Shanmugam alleges Bloomberg lied to press secretary, says failure to remove article grounds for aggravated damages

Shanmugam alleges Bloomberg lied to press secretary, says failure to remove article grounds for aggravated damages


SINGAPORE: Home Affairs Minister K Shanmugam said on Wednesday (Apr 8) that Bloomberg staff members had misled his press secretary about the purpose of an article he alleges is defamatory, and were also not fully truthful to their own management about its nature.

Under cross-examination by Bloomberg’s lawyer, Senior Counsel Sreenivasan Narayanan, Mr Shanmugam was pressed to specify how reporters from the United States-based news organisation had lied to him when seeking comment.
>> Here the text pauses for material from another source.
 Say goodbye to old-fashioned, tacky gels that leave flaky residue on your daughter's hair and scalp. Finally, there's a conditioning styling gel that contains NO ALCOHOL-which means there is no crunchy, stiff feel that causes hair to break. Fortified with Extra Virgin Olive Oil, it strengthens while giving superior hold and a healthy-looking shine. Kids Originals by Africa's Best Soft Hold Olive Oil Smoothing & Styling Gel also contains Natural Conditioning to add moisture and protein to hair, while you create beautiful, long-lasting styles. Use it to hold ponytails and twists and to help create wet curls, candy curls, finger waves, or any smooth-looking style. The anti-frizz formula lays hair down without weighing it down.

The defence also pointed to early versions of the article that did not mention the minister.

Towards the end of the hearing, the minister said the fact that the article was not taken down after it received a government fake news directive revealed Bloomberg’s intentions and malicious behaviour towards him, and should be grounds for aggravated damages. 

The exchanges took place on the second day of the defamation trial brought by Mr Shanmugam and Manpower Minister Tan See Leng against Bloomberg and its reporter Low De Wei.
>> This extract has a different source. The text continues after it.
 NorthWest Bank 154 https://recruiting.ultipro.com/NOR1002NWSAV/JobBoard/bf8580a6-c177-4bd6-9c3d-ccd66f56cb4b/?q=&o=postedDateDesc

Both ministers were mentioned in a December 2024 Bloomberg article about Good Class Bungalow (GCB) transactions titled “Singapore Mansion Deals Are Increasingly Shrouded in Secrecy”, written by Mr Low.
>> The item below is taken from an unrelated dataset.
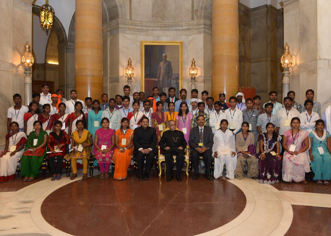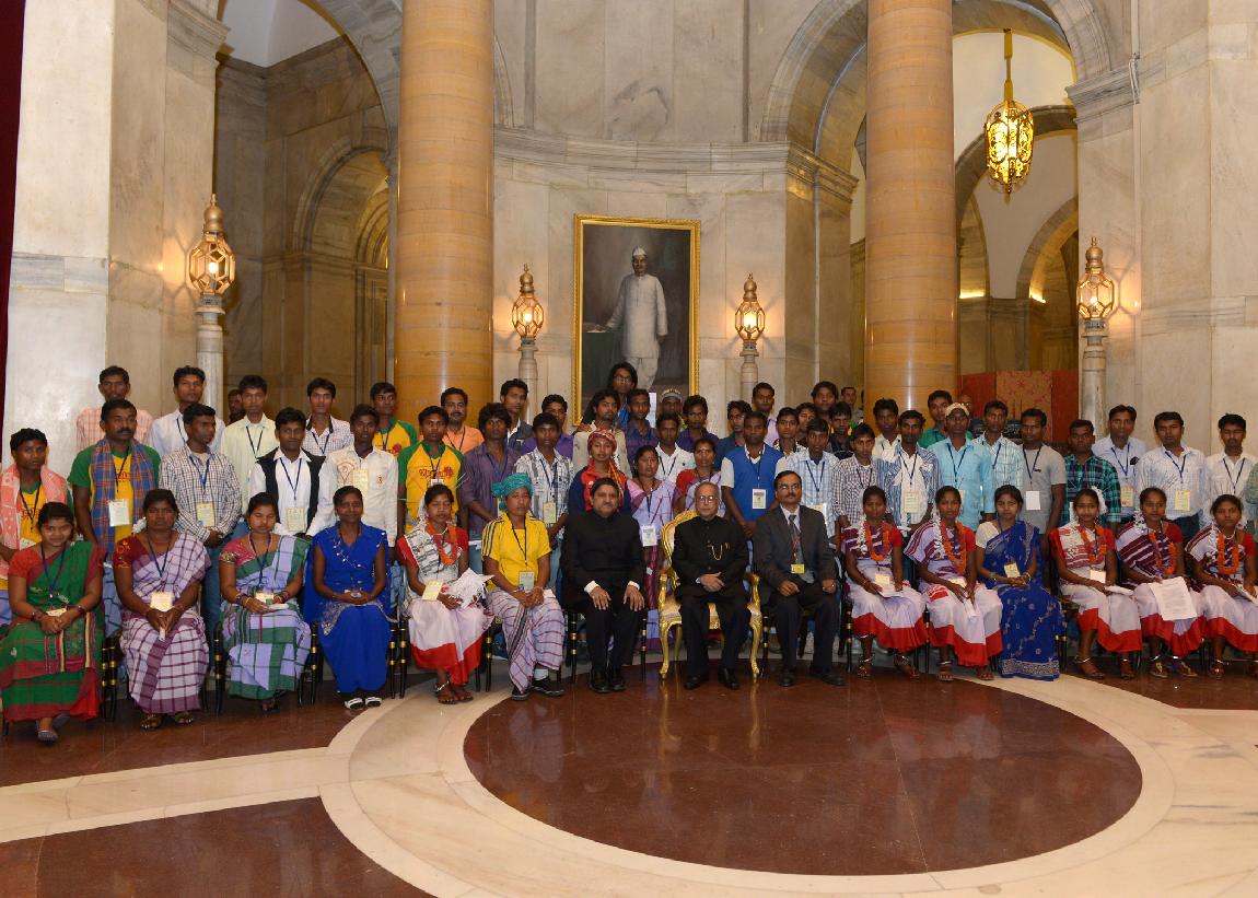 | Caption: | The President of India, Shri Pranab Mukherjee interacting with the Youths who attending the 6th Tribal Youth Exchange Programme organized by the Nehru Yuva Kendra Sangathan at Rashtrapati Bhavan in New Delhi on March 28, 2014 |

The article had referred to Mr Shanmugam’s S$88 million (US$69 million) sale of his GCB in the Queen Astrid Park area and Dr Tan’s purchase of a Brizay Park GCB for nearly S$27.3 million.

The ministers allege that the article defamed them by suggesting they had taken advantage of the lack of checks and balances and disclosure requirements in carrying out property transactions in a “non-transparent manner”.

Bloomberg, in its defence, said the genesis of Mr Low’s article was a report on real estate matters and that it did not originate from any intention to report on the ministers or their transactions.

WHAT THE LIE WAS

Mr Shanmugam had testified on Tuesday that he had seen documents confirming to him that Bloomberg was lying to his press secretary, Ms Ng Siew Hua. 

On Wednesday, Mr Sreenivasan opened the hearing by asking the minister to lay out what these lies were.

To this, Mr Shanmugam said that Bloomberg’s news employees in Singapore who were talking to his press secretary were lying, and that they did not seem to have been “completely transparent with their management outside of Singapore”. 

While he stopped short of saying that these news employees were “lying” to their management, he said they were not “telling the complete truth to whoever was asking questions about this article from outside of Singapore”. Mr Shanmugam did not elaborate on this point during his testimony.

He referred to the internal Bloomberg emails that he had read out in court the day before, clarifying that some of these emails were ordered by the court to be produced while others were produced by Bloomberg voluntarily.

Mr Shanmugam said his press secretary had reached out to Bloomberg in October 2024 and asked if the article was “an indirect way” of writing about the minister’s mansion sale.

In response, a journalist from Bloomberg had said the article was “not targeted” at Mr Shanmugam and said this was part of a broader trend story. Mr Shanmugam said these were lies because of the internal emails that he presented to the court on Tuesday. 

He had earlier alleged that the primary aim of the article was to get the sale of his property published, and that Bloomberg emails discussed getting a way to get the story out by wrapping it in a broader story.

DRAFT OR SUMMARY?

Mr Sreenivasan then showed Mr Shanmugam a document from August 2024, which he said was the first draft of the article, and asked if there was any mention of the minister’s name.